#### [What you will do]
From the entries that follow, reproduce exactly and only the lines from the line with "在上海申通地鐵集團有限公司,工作人員在現場體驗刷臉進站技術(2017年12月5日攝)。新華社記者 丁汀 攝" to the line with "5.2 危险源点管理制度 575.3", endpoints included.

───── Records

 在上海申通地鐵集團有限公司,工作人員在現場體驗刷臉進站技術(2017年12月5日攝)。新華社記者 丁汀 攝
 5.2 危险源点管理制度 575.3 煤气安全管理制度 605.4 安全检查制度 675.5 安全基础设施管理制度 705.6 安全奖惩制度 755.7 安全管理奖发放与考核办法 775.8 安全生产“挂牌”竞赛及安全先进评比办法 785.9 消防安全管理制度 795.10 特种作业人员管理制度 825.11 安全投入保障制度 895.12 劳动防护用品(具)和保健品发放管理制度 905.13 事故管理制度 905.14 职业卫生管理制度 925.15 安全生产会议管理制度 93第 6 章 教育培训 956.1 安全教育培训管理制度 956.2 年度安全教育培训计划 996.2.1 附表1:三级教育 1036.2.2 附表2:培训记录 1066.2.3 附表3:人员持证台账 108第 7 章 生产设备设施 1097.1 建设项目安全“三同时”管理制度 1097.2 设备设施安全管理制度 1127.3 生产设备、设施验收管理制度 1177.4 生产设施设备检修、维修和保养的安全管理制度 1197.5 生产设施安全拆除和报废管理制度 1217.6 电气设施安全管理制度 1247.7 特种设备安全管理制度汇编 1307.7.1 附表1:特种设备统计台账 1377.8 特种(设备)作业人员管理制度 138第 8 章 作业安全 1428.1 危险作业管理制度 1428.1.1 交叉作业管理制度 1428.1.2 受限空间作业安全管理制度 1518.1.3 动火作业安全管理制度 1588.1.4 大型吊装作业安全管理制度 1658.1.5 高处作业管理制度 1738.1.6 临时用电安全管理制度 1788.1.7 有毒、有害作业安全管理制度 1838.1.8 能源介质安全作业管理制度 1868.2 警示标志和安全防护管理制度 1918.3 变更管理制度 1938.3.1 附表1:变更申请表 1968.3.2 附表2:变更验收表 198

──────────
───── Records

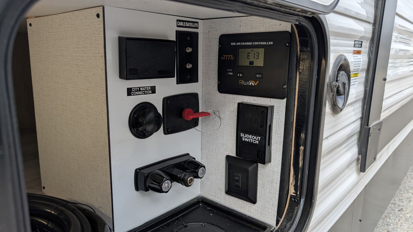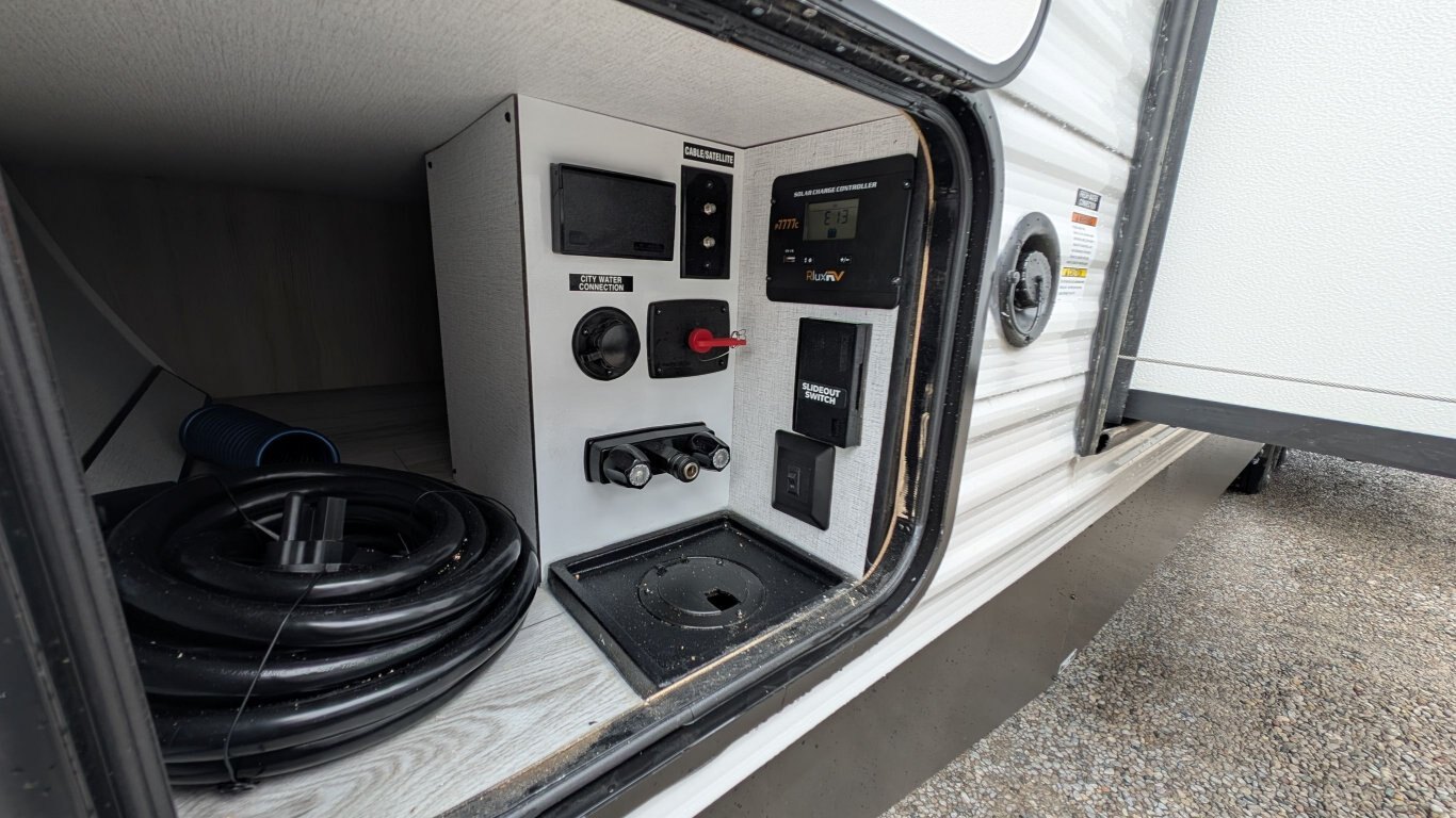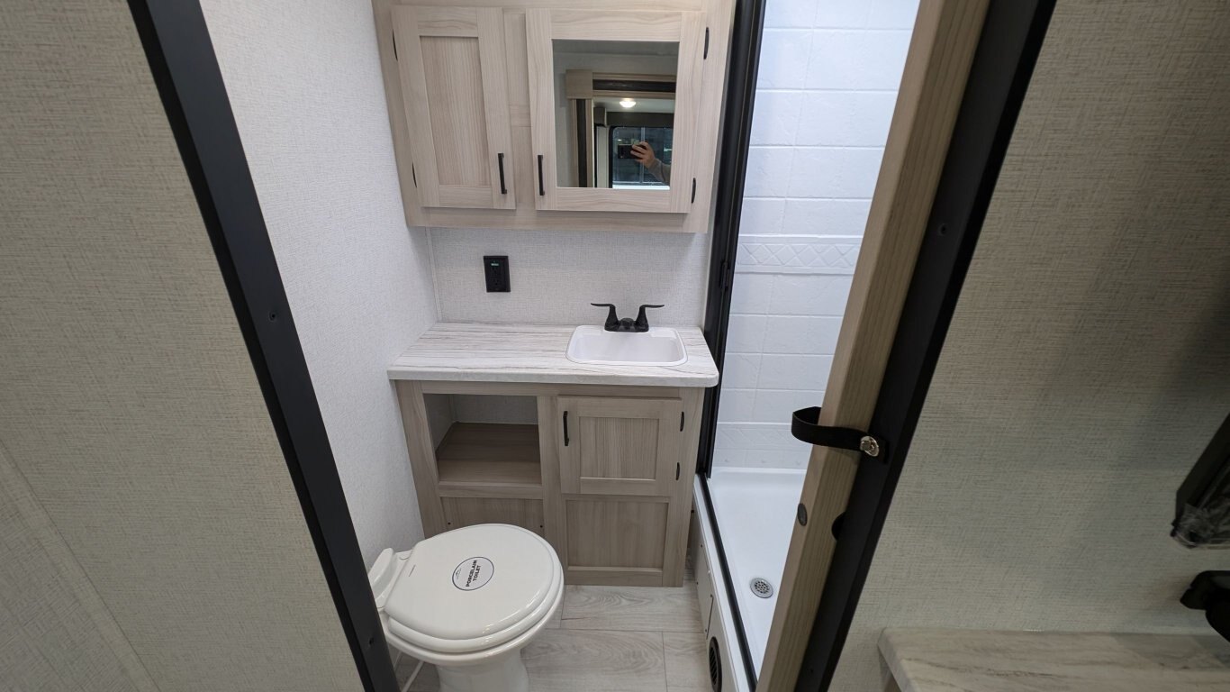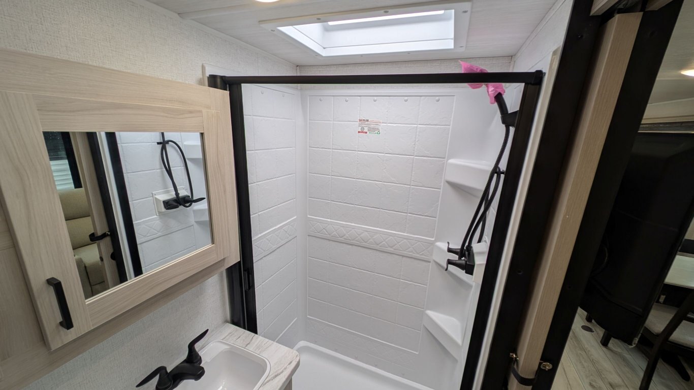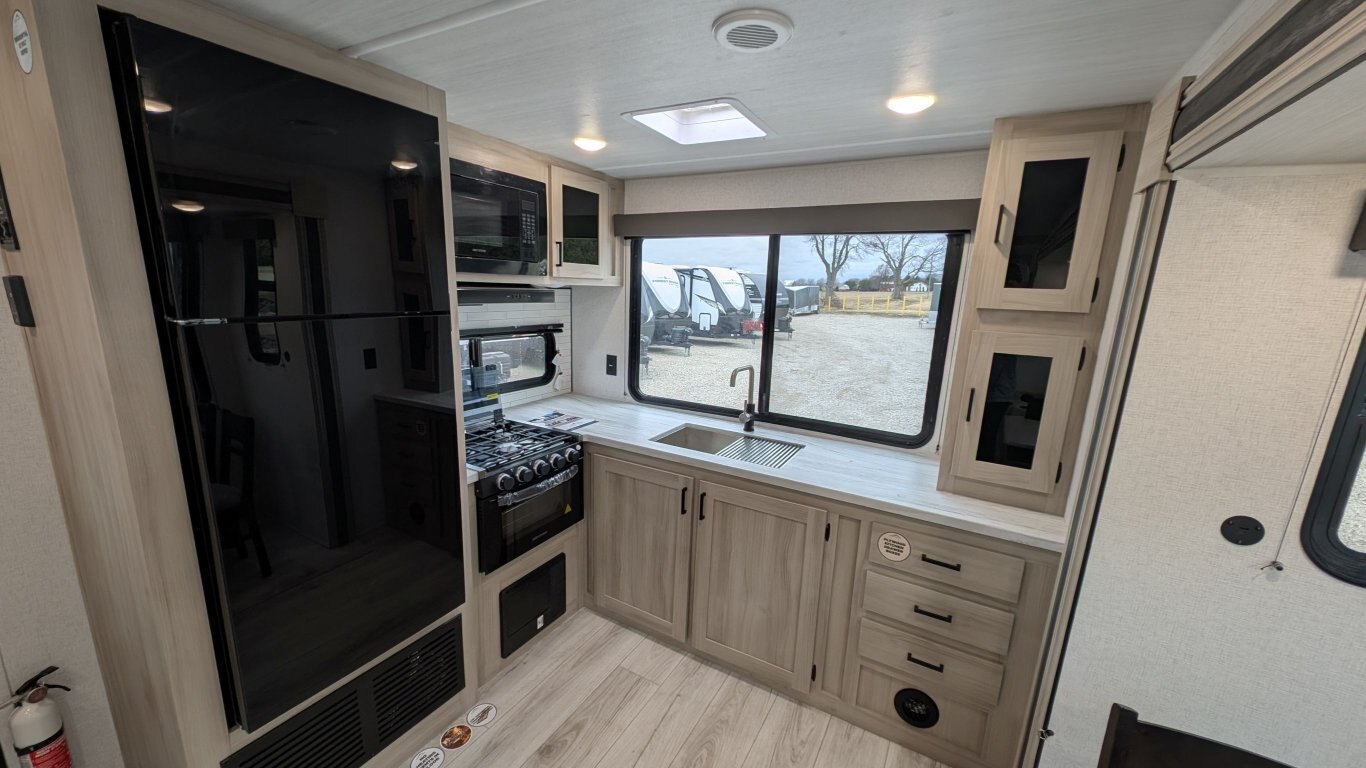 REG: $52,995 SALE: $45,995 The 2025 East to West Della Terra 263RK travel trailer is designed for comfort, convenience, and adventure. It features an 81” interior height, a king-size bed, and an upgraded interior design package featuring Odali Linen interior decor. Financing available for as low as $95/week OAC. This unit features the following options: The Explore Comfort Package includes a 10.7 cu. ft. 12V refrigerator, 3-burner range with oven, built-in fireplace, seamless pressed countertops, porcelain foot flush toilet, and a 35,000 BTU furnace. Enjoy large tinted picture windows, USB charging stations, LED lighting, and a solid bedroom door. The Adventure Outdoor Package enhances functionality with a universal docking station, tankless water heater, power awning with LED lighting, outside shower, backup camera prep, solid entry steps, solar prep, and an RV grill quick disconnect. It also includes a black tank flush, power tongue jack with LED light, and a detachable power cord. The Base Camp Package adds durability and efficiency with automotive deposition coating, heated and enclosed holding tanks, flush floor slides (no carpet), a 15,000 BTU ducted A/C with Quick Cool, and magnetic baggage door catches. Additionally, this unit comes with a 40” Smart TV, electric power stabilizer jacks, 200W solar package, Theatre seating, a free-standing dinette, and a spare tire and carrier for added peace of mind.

──────────

#### [Written response]
 在上海申通地鐵集團有限公司,工作人員在現場體驗刷臉進站技術(2017年12月5日攝)。新華社記者 丁汀 攝
 5.2 危险源点管理制度 575.3 煤气安全管理制度 605.4 安全检查制度 675.5 安全基础设施管理制度 705.6 安全奖惩制度 755.7 安全管理奖发放与考核办法 775.8 安全生产“挂牌”竞赛及安全先进评比办法 785.9 消防安全管理制度 795.10 特种作业人员管理制度 825.11 安全投入保障制度 895.12 劳动防护用品(具)和保健品发放管理制度 905.13 事故管理制度 905.14 职业卫生管理制度 925.15 安全生产会议管理制度 93第 6 章 教育培训 956.1 安全教育培训管理制度 956.2 年度安全教育培训计划 996.2.1 附表1:三级教育 1036.2.2 附表2:培训记录 1066.2.3 附表3:人员持证台账 108第 7 章 生产设备设施 1097.1 建设项目安全“三同时”管理制度 1097.2 设备设施安全管理制度 1127.3 生产设备、设施验收管理制度 1177.4 生产设施设备检修、维修和保养的安全管理制度 1197.5 生产设施安全拆除和报废管理制度 1217.6 电气设施安全管理制度 1247.7 特种设备安全管理制度汇编 1307.7.1 附表1:特种设备统计台账 1377.8 特种(设备)作业人员管理制度 138第 8 章 作业安全 1428.1 危险作业管理制度 1428.1.1 交叉作业管理制度 1428.1.2 受限空间作业安全管理制度 1518.1.3 动火作业安全管理制度 1588.1.4 大型吊装作业安全管理制度 1658.1.5 高处作业管理制度 1738.1.6 临时用电安全管理制度 1788.1.7 有毒、有害作业安全管理制度 1838.1.8 能源介质安全作业管理制度 1868.2 警示标志和安全防护管理制度 1918.3 变更管理制度 1938.3.1 附表1:变更申请表 1968.3.2 附表2:变更验收表 198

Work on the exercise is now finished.